• [Try it]
The data that follows is to be copied exactly, with each image removed.

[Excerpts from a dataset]
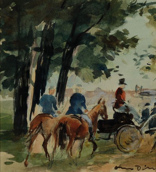 Kutsche und zwei Reiter im Park
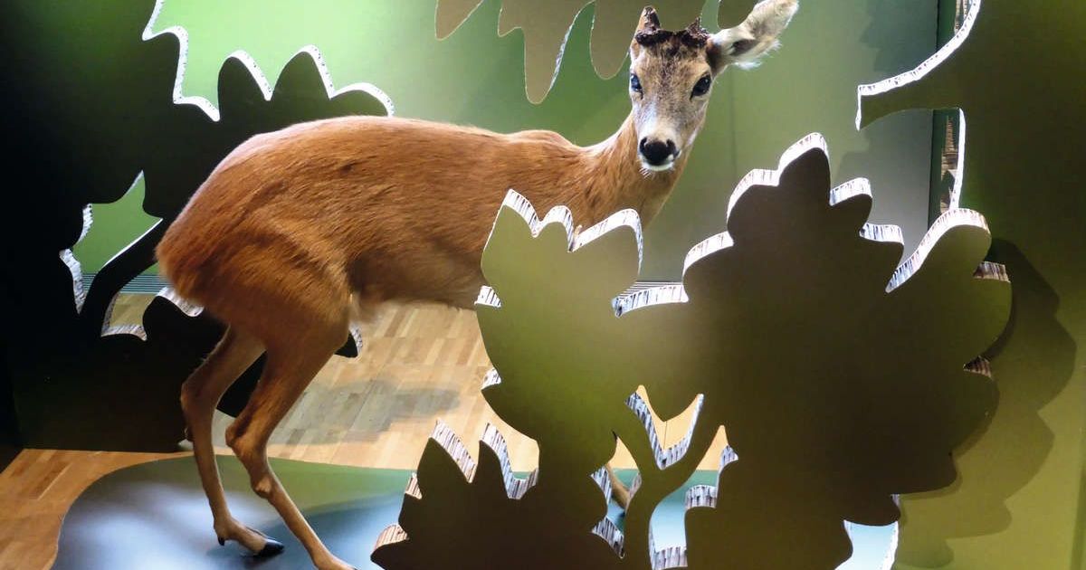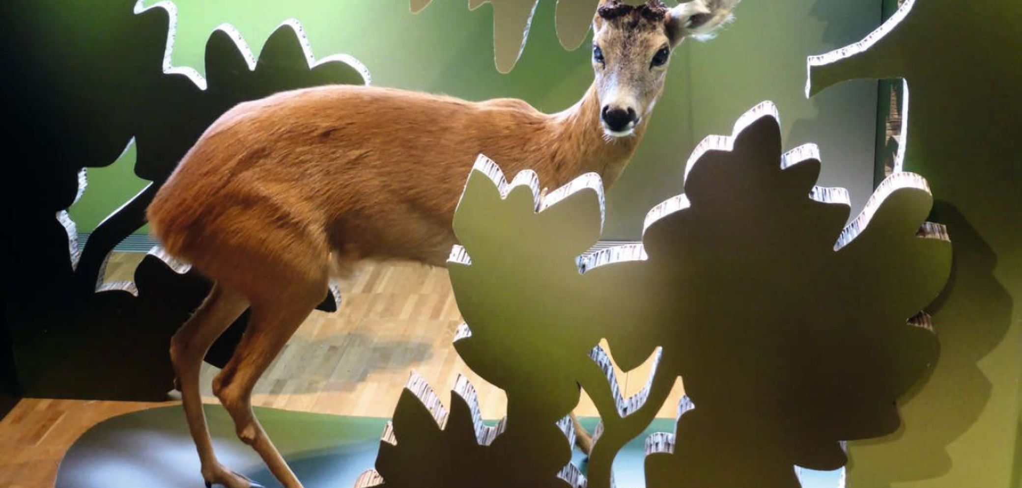 Im Wald aus Wabenplatten versteckt sich ein ausgestopftes Reh.
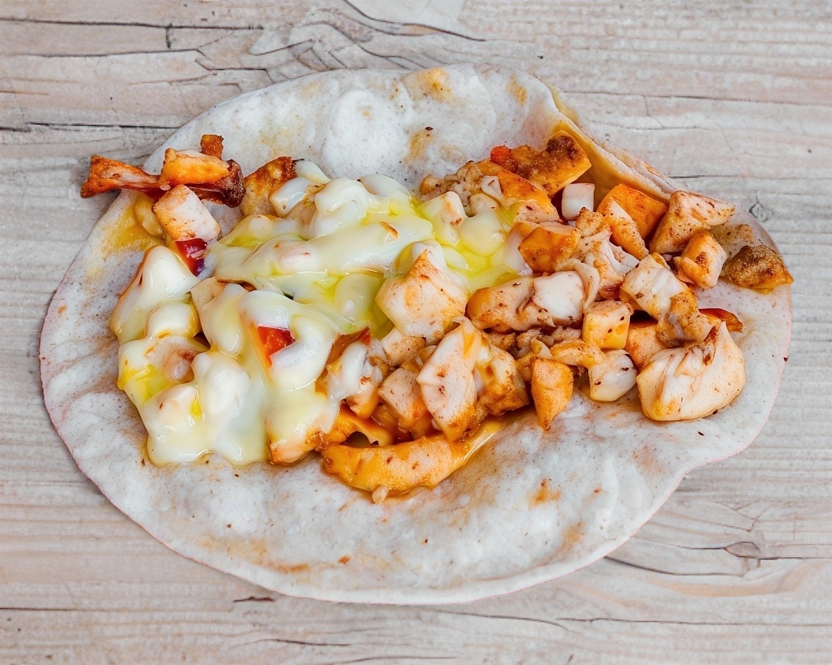 Rica carne de pechuga de pollo servida sobre tortilla de harina
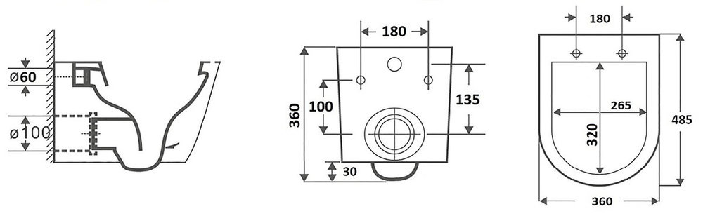 Подвесной безободковый унитаз Ceramalux B2330-3MH, светло-серый, крышка микролифт
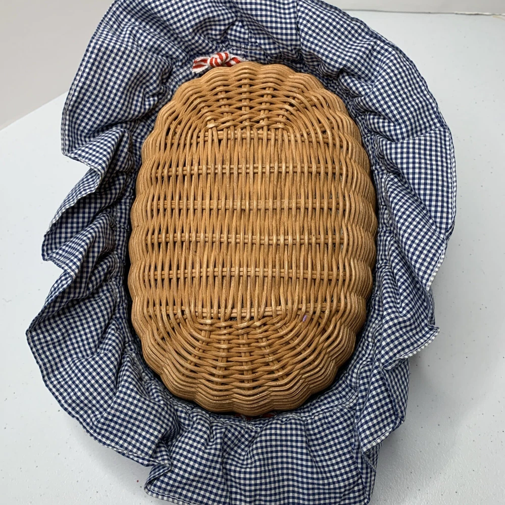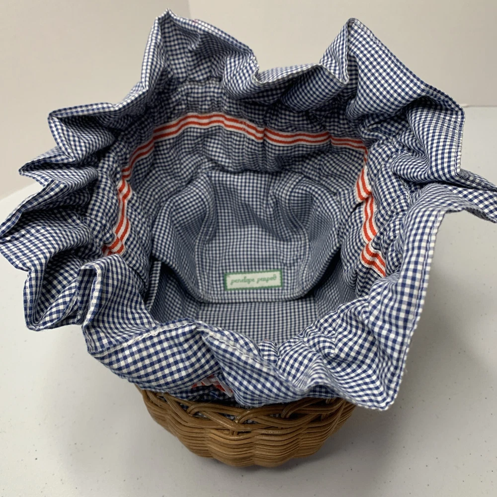 Blue checkered bassinet from Penelope Peapod. No doll included. See how it converts to bag/purse in pictures. See all photos
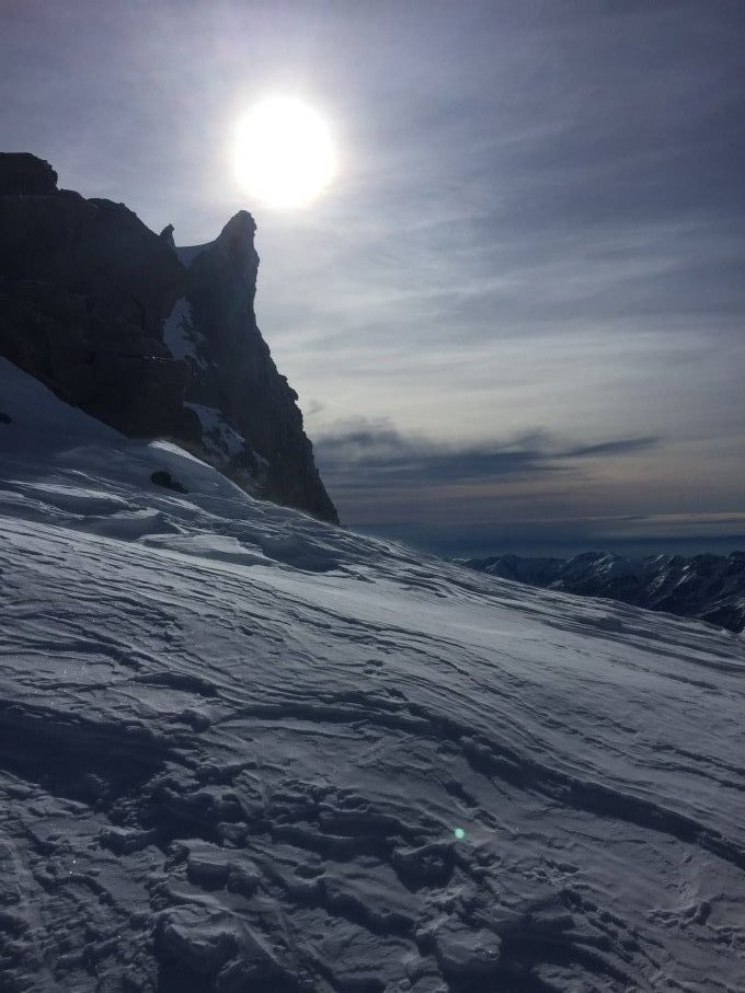 Route ab Pont bis zur Hütte Vittorio Emanuele kompakt und griffig, ab der Hütte Route im Aufstieg pickelhart und sehr stark vom Wind bearbeitet. Mit Harscheisen aber bis auf ca. 3800m gut zu machen. Ab dort im Aufstieg besser zu Fuss bis zum Skidepot einige Meter unter den Gipfel. Der Aufstieg zum "Madonna-Gipfel" ist nicht sehr schwierig, aber zu oberst sehr ausgesetzt. Dieser Teil ist mit Haken ausgerüstet und kann gut abgesichert werden.
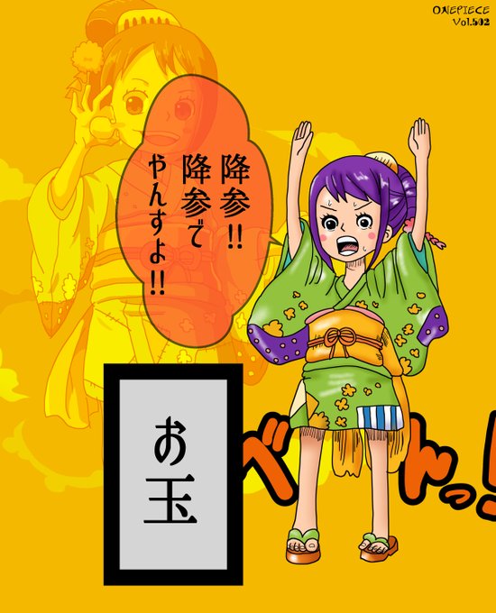 #イラスト #大枠全部描いてワンピ最終回を盛り上げたひ 『ONEPIECE:No.502/5000』 この時、ルフィはまだ知らない。お玉がかつて出会った『ある男』の正体を。それは、ルフィにとって極めて重要な、人物だった。
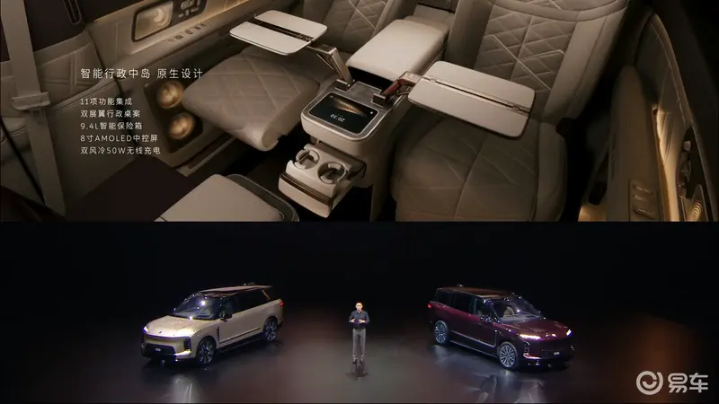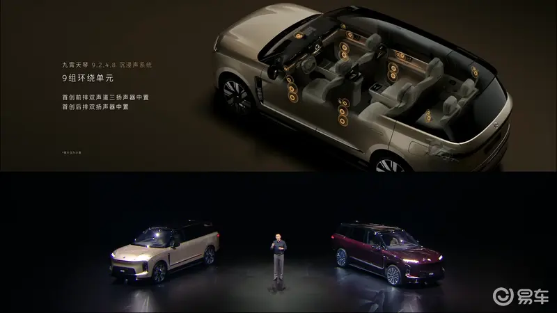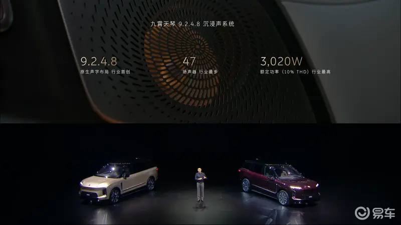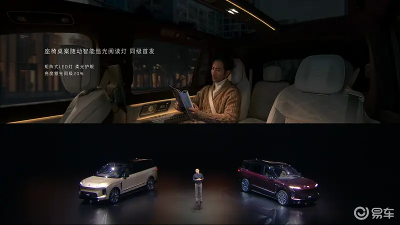 新车同级首发座椅桌案随动智能追光阅读灯,采用矩阵式LED灯,柔光护眼,亮度领先同级20%。ES9还搭载行业首创的九霄天琴9.2.4.8沉浸声系统,拥有47个扬声器,额定功率达到行业最高的3020W。

• [Result of this task]
 Kutsche und zwei Reiter im Park
 Im Wald aus Wabenplatten versteckt sich ein ausgestopftes Reh.
 Rica carne de pechuga de pollo servida sobre tortilla de harina
 Подвесной безободковый унитаз Ceramalux B2330-3MH, светло-серый, крышка микролифт
 Blue checkered bassinet from Penelope Peapod. No doll included. See how it converts to bag/purse in pictures. See all photos
 Route ab Pont bis zur Hütte Vittorio Emanuele kompakt und griffig, ab der Hütte Route im Aufstieg pickelhart und sehr stark vom Wind bearbeitet. Mit Harscheisen aber bis auf ca. 3800m gut zu machen. Ab dort im Aufstieg besser zu Fuss bis zum Skidepot einige Meter unter den Gipfel. Der Aufstieg zum "Madonna-Gipfel" ist nicht sehr schwierig, aber zu oberst sehr ausgesetzt. Dieser Teil ist mit Haken ausgerüstet und kann gut abgesichert werden.
 #イラスト #大枠全部描いてワンピ最終回を盛り上げたひ 『ONEPIECE:No.502/5000』 この時、ルフィはまだ知らない。お玉がかつて出会った『ある男』の正体を。それは、ルフィにとって極めて重要な、人物だった。
 新车同级首发座椅桌案随动智能追光阅读灯,采用矩阵式LED灯,柔光护眼,亮度领先同级20%。ES9还搭载行业首创的九霄天琴9.2.4.8沉浸声系统,拥有47个扬声器,额定功率达到行业最高的3020W。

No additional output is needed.